*Your goal*.
Using the listing below, please print exactly the lines from the one with "The Munchkin Safety" through the one with "MLOps 플랫폼은 ML". Leave out every picture.

*Available data*.
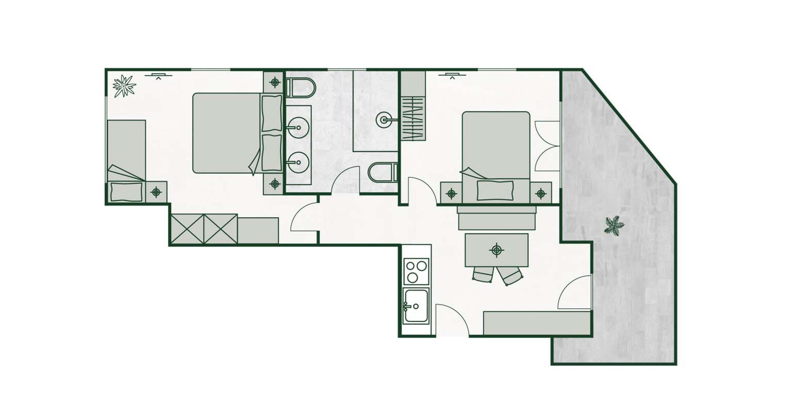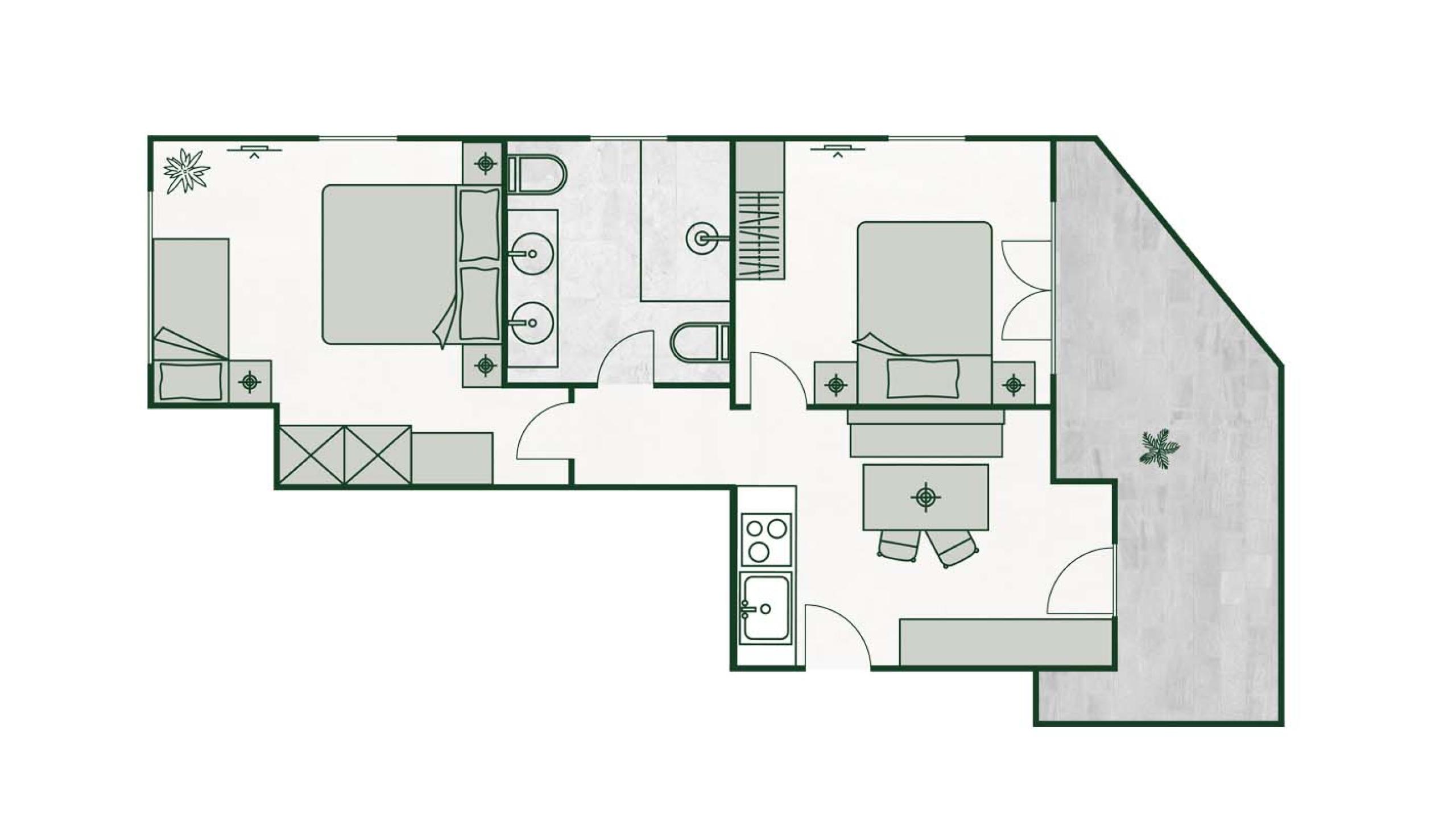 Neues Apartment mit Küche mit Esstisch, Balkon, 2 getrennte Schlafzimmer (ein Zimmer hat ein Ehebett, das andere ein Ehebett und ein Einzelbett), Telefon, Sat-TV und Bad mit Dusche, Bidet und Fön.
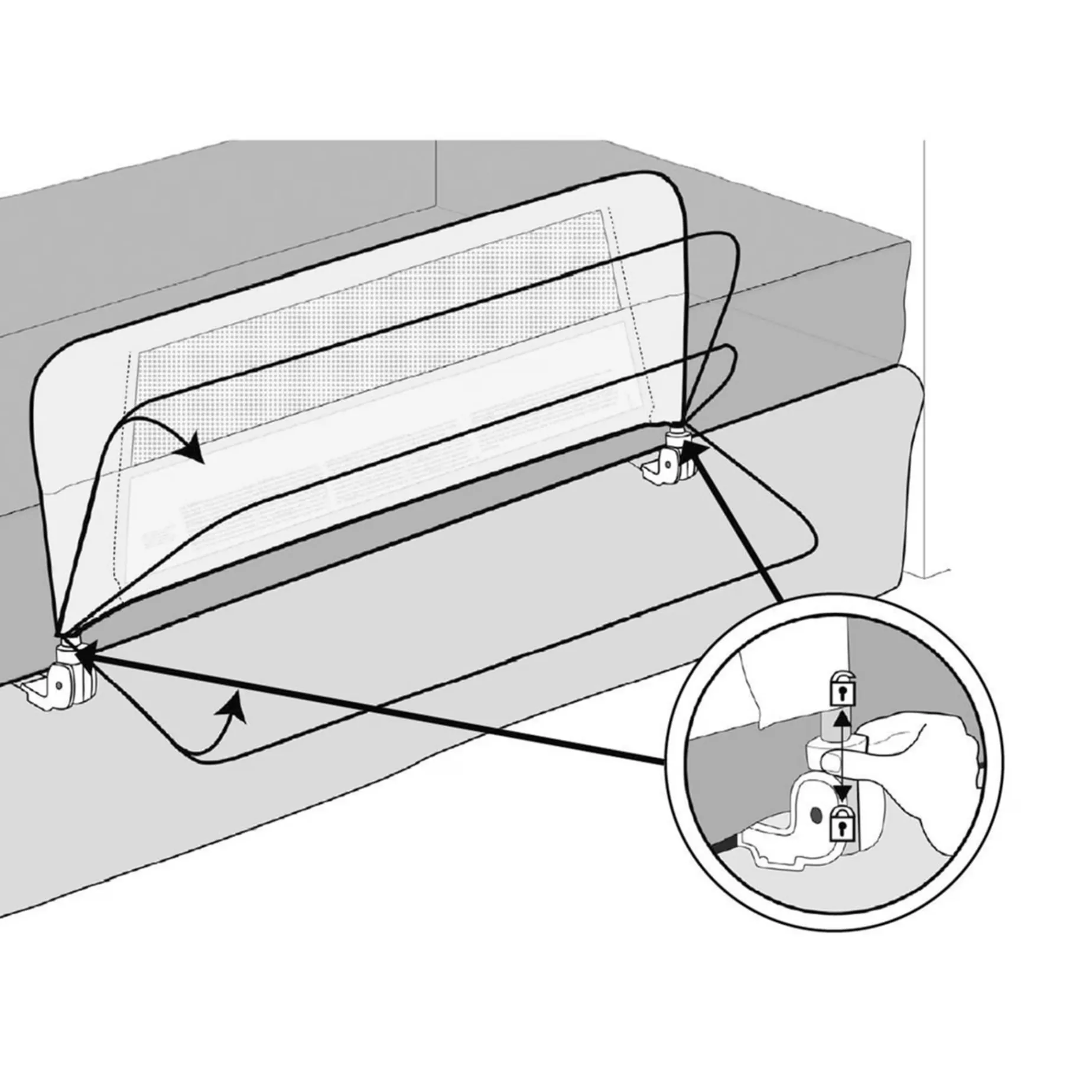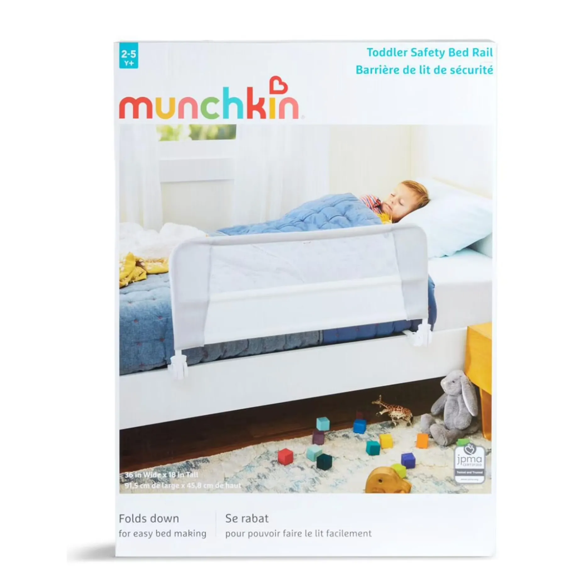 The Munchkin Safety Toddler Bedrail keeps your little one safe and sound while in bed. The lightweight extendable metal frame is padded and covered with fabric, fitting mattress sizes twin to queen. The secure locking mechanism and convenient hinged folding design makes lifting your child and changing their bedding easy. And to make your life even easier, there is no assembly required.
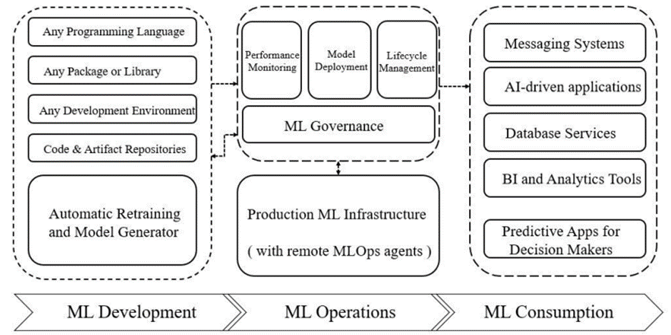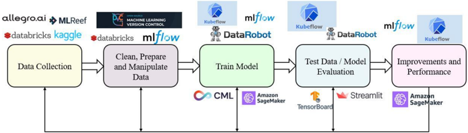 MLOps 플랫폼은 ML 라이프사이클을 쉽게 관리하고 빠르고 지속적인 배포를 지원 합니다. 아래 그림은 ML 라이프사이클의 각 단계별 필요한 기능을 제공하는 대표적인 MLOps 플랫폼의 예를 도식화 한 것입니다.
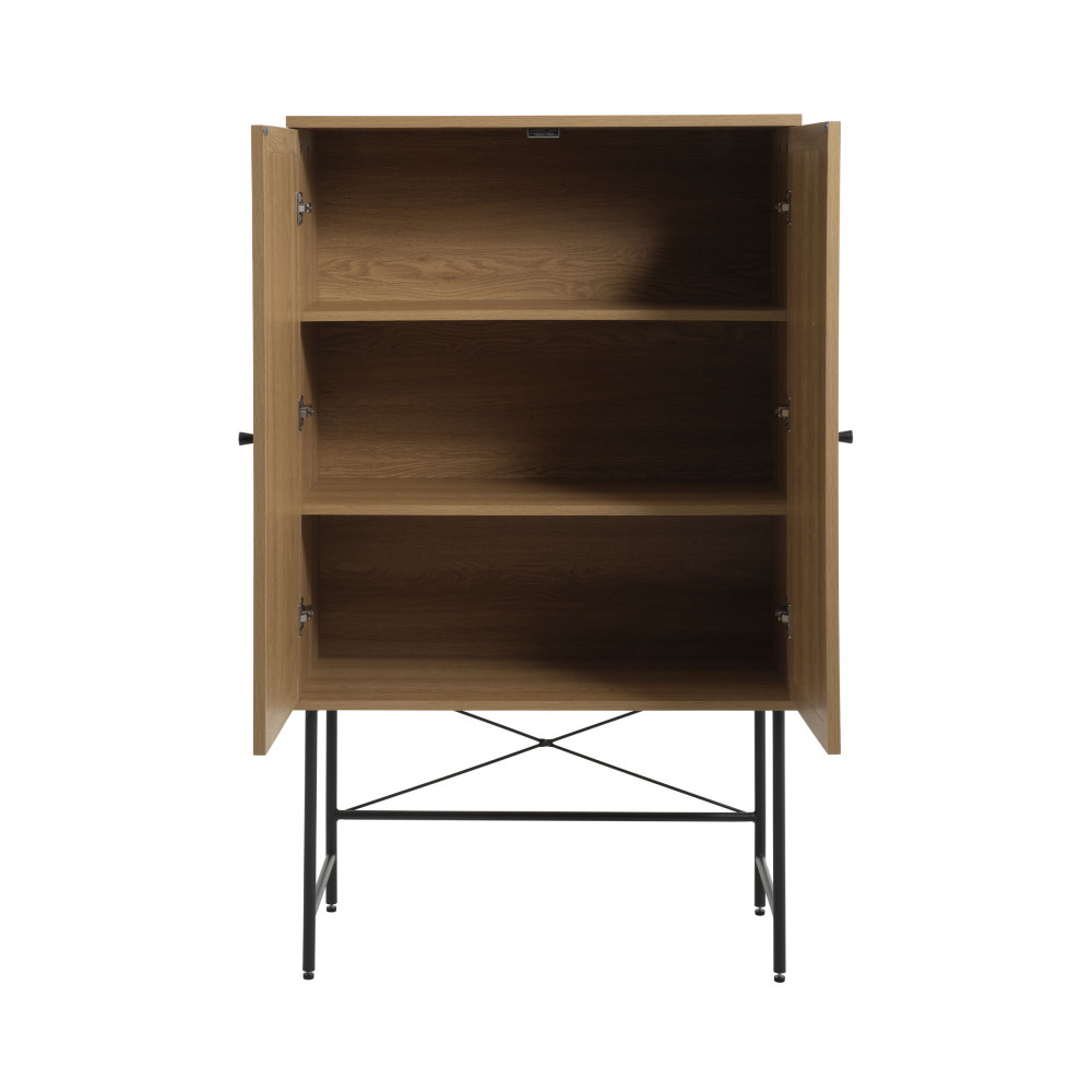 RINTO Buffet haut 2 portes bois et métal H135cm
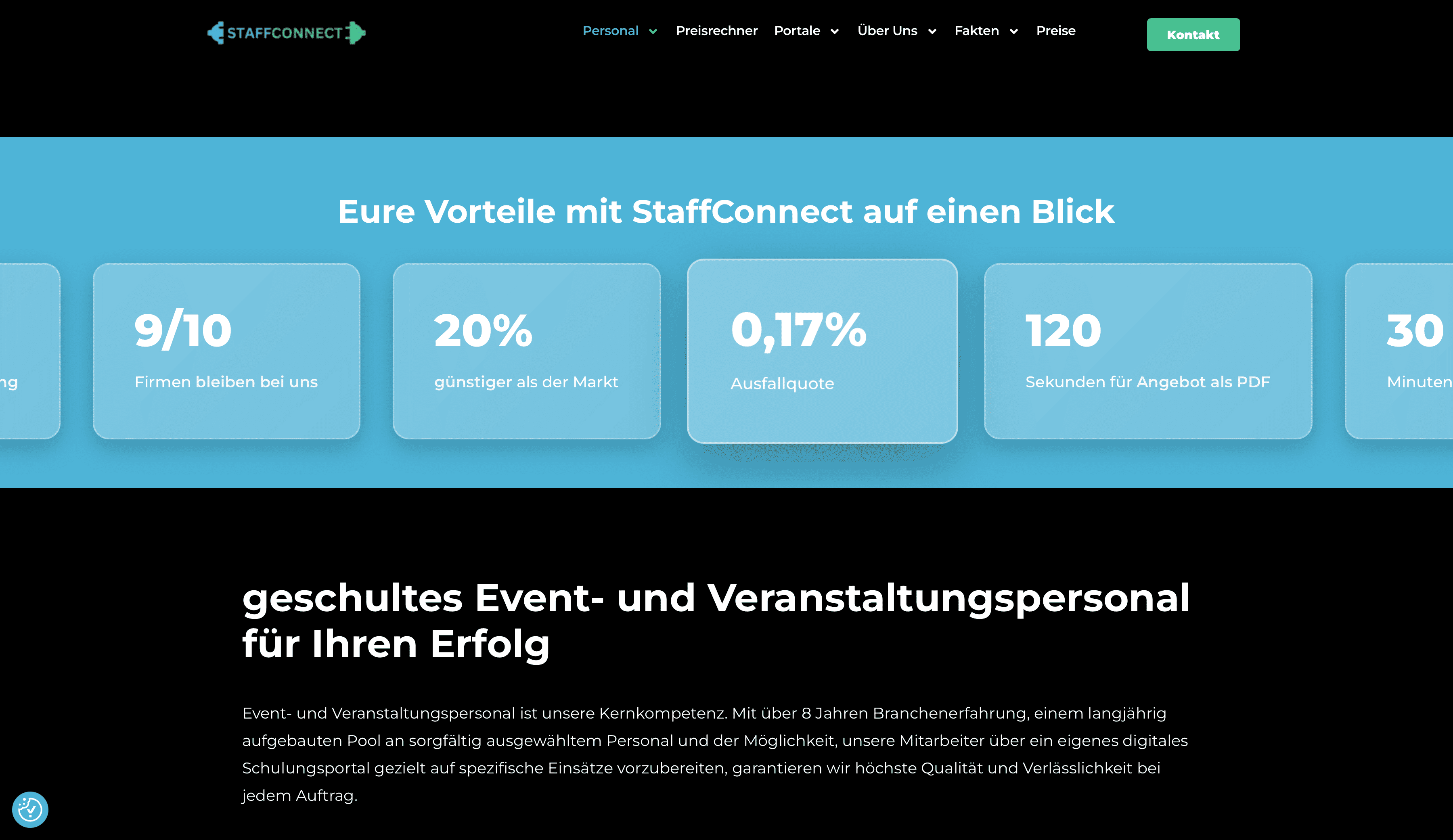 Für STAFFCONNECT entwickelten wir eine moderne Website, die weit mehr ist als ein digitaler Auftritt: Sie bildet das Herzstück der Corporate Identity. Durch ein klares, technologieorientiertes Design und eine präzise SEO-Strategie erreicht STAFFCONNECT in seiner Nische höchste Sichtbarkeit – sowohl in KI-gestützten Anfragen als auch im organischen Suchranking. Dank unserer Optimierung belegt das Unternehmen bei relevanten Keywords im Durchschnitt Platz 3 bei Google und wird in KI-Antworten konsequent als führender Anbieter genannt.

*Task answer*.
 The Munchkin Safety Toddler Bedrail keeps your little one safe and sound while in bed. The lightweight extendable metal frame is padded and covered with fabric, fitting mattress sizes twin to queen. The secure locking mechanism and convenient hinged folding design makes lifting your child and changing their bedding easy. And to make your life even easier, there is no assembly required.
 MLOps 플랫폼은 ML 라이프사이클을 쉽게 관리하고 빠르고 지속적인 배포를 지원 합니다. 아래 그림은 ML 라이프사이클의 각 단계별 필요한 기능을 제공하는 대표적인 MLOps 플랫폼의 예를 도식화 한 것입니다.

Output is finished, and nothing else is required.